19. `CoreTask` takes care of later steps.
### Running
To run the task, you need to checkout the `ml_task` branch from main golem repository (if it is not merged yet).
Then, run two instances of Golem with
```
python golemapp.py --datadir $TMPDIR_PRV -r 127.0.0.1:61002 --nogui
python golemapp.py --datadir $TMPDIR_REQ -r 127.0.0.1:61000 --nogui -p 127.0.0.1:40102
```
The order of these commands is important! It is done this way because golem starts its first instance under `40102` port. We're using different protocol versions than the rest of the golem (`TASK_PROTOCOL_ID=51` and `P2P_PROTOCOL_ID=41`), so Golem requestor node wouldn't be able to discover the provider node if not the hardcoded seed. The reason to use different protocol versions is to make debugging easier - you can set up your IDE to run these commands in debug mode, and then you can debug the code with no other nodes constantly asking for tasks headers etc.
`$TMPDIR_PRV` and `$TMPDIR_REQ` are just some temporary directories (can be anything, can be even not exitsing ones - golem will create them).
So, when you have two golem instances started, you can submit the task by running
```
golemcli tasks create $GOLEM_HOME/apps/mlpoc/test_data/ml.json
```
This `json` file contains some parameters of the task (you're free to modify it) and it's the only way to start before appropriate GUI module will be created.
## What's left to do
The most basic task is finished, but there are still areas in which it should be significantly improved.
Issues (private golem repo):
- [Issue #114 GPU support for MLPOCTask](https://github.com/imapp-pl/golem_rd/issues/114)
- [Issue #115 Controlling randomness in MLPOCTask](https://github.com/imapp-pl/golem_rd/issues/115)
- [Issue #116 Cross validation and train-test split in MLPOCTask](https://github.com/imapp-pl/golem_rd/issues/116)
- [Issue #117 Model and data flexibility in MLPOCTask](https://github.com/imapp-pl/golem_rd/issues/117)
- [Issue #118 MLPOCTask should inherit from DummyTask](https://github.com/imapp-pl/golem_rd/issues/118)
- [Issue #119 Calling black box asynchronously in MLPOCTask](https://github.com/imapp-pl/golem_rd/issues/119)
- [Issue #120 Asynchronous verification in MLPOCVerificator](https://github.com/imapp-pl/golem_rd/issues/120)
- [Issue #121 Hashing network in MLPOCTask](https://github.com/imapp-pl/golem_rd/issues/121)
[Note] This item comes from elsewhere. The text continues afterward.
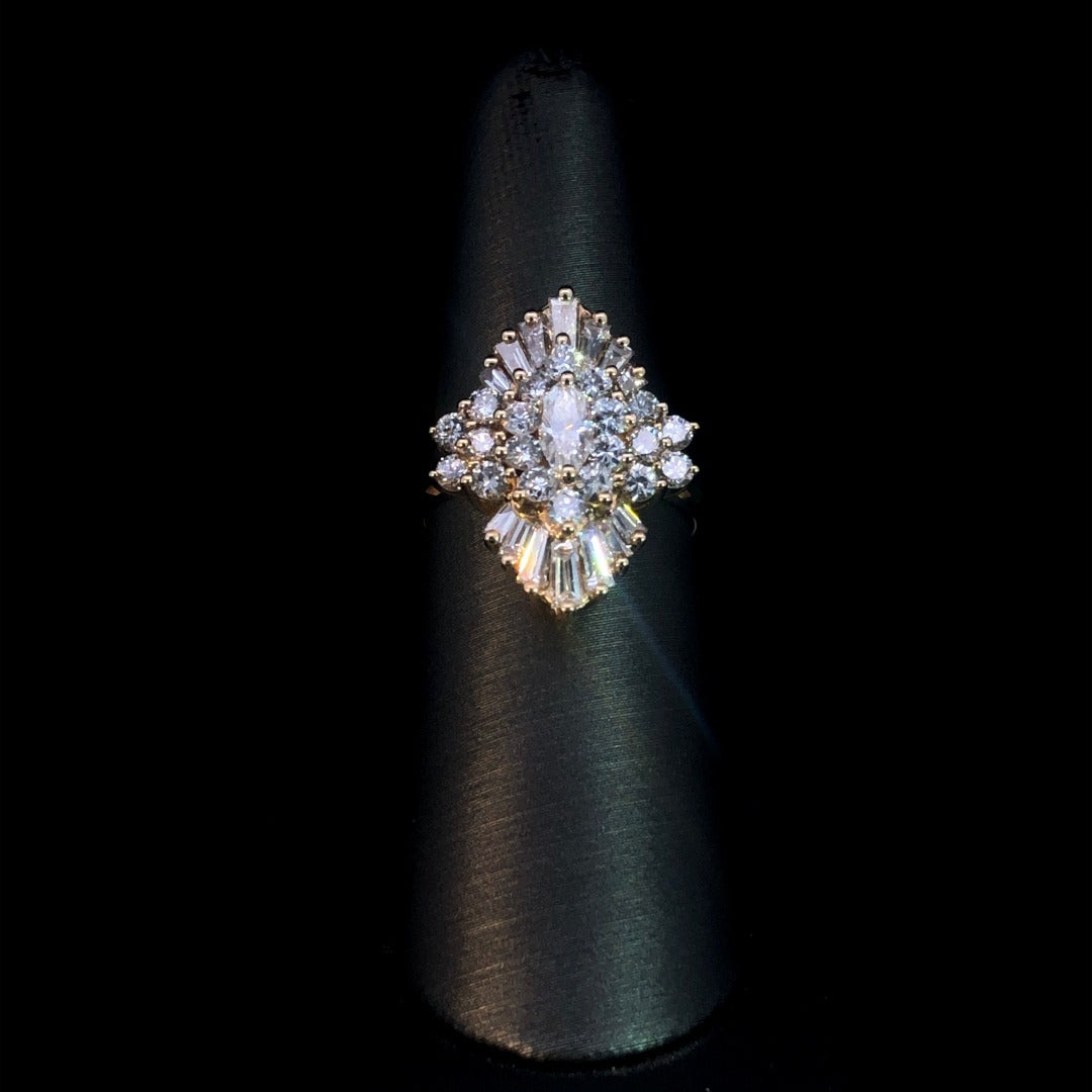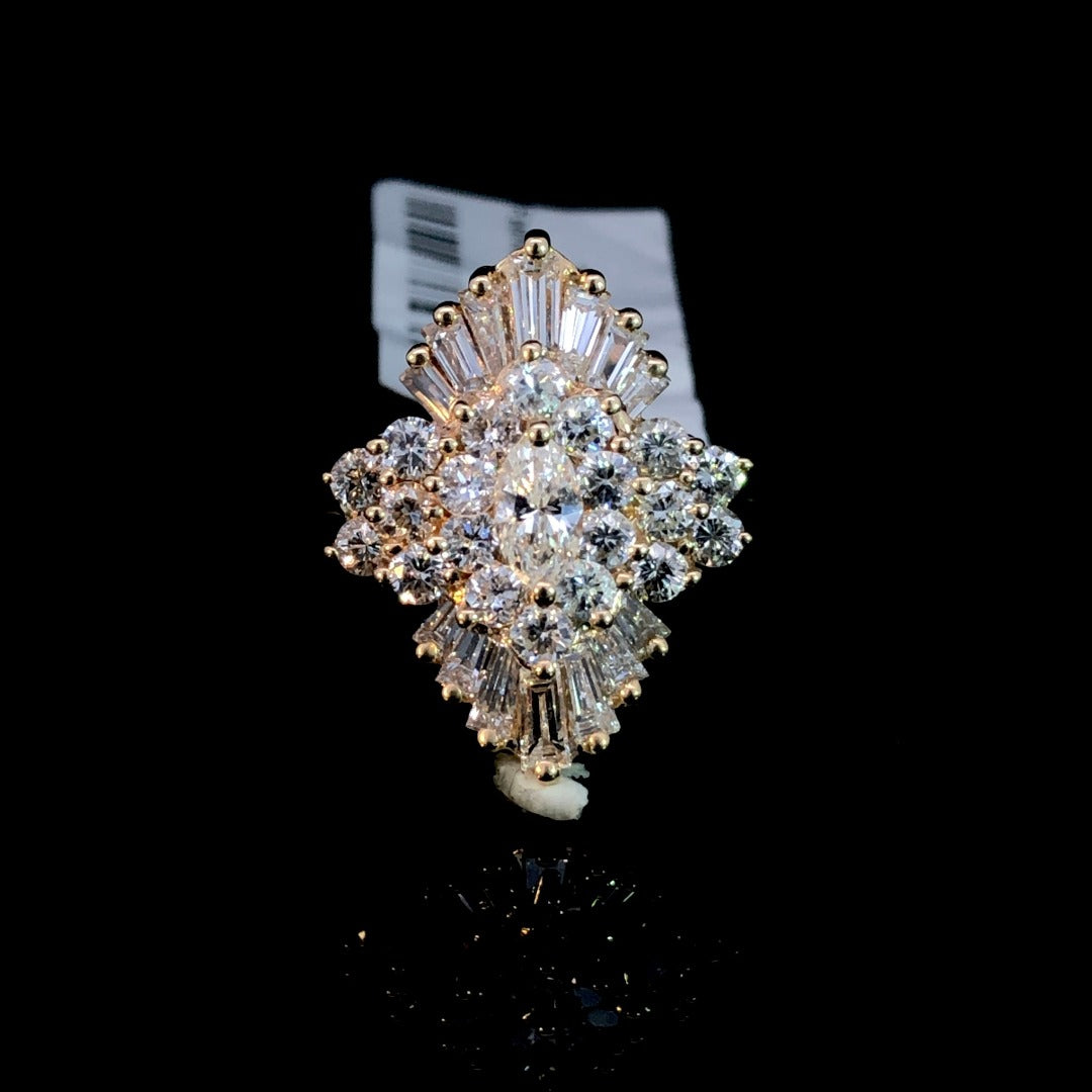 Make a statement with this stunning ring! Adorned with 2.00ctw of sparkling round and baguette diamonds set in luxurious 14kt yellow gold, it's the perfect addition to any jewelry collection. Elevate your style with this must-have piece. This ring is a size 7. If that size is not a perfect fit, first time sizing is free at the time of purchase. Additional sizing fees may apply.

- [Issue #122 Batch ordering and verification in MLPOCTask](https://github.com/imapp-pl/golem_rd/issues/122)
- [Issue #135 Scoring function and score verification in MLPOCTask](https://github.com/imapp-pl/golem_rd/issues/135)
Additional ideas:
- **Bayesian modelling as a way of reducing verification steps**
Since we are using bayesian optimizer anyway, we have access to information about *how much are we surprised with this particular network score*, where score is this final score on test set. This can be used to additionally improve verification in big-scale tasks - the probability of being checked would be somehow proportional to the degree of our "surprise".
Implementation-wise, it would probably require extracting probability distributions from inside `spearmint`.